QCA will make every endeavour to deliver the quantities of goods ordered by the Buyer, however, all goods delivered are subject to normal commercial allowances for overruns and shortages, the same to be charged for or deducted pro rata.



QCA’s agreement to continue to deliver or sell is always conditional upon it being satisfied of the Buyer’s ability to pay and comply with these conditions. If QCA ceases to be so satisfied it may suspend and/or terminate delivery and will not be liable in any way for any claim, damage, expense or cost arising from it and all monies then outstanding by the Buyer will immediately become due and payable and recoverable.

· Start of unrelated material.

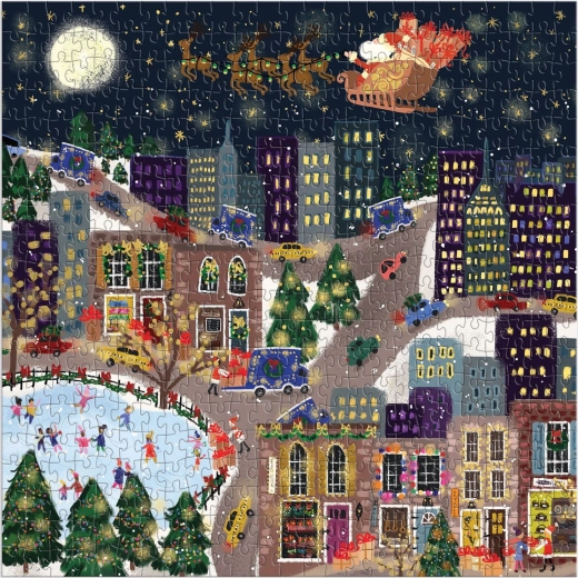 I puzzle quadrati GALISON con effetto metallico e soggetto Cittadina dei Regali offrono una combinazione di stampa di qualità, tasselli tagliati con precisione e un attraente finish lucente. Il formato quadrato risalta perfettamente sia a parete sia su una mensola e conquista sia i principianti sia i puzzlisti esperti.

These Terms and Conditions and the relevant QCA Purchase Order & Quotation represent the entire agreement between QCA and the Buyer and supercede all prior negotiations, and representations. No other terms and conditions, representations or warranties, including those attached to any purchase order or document, whether received before or after the date of this agreement are included or implied, whether by law or otherwise unless agreed to in writing by QCA. Any alternations or additions to this agreement it must be in writing, signed by QCA and the Buyer.



In the event that it is held that one or more of these terms are not enforceable, the remaining terms will apply between the Buyer and QCA.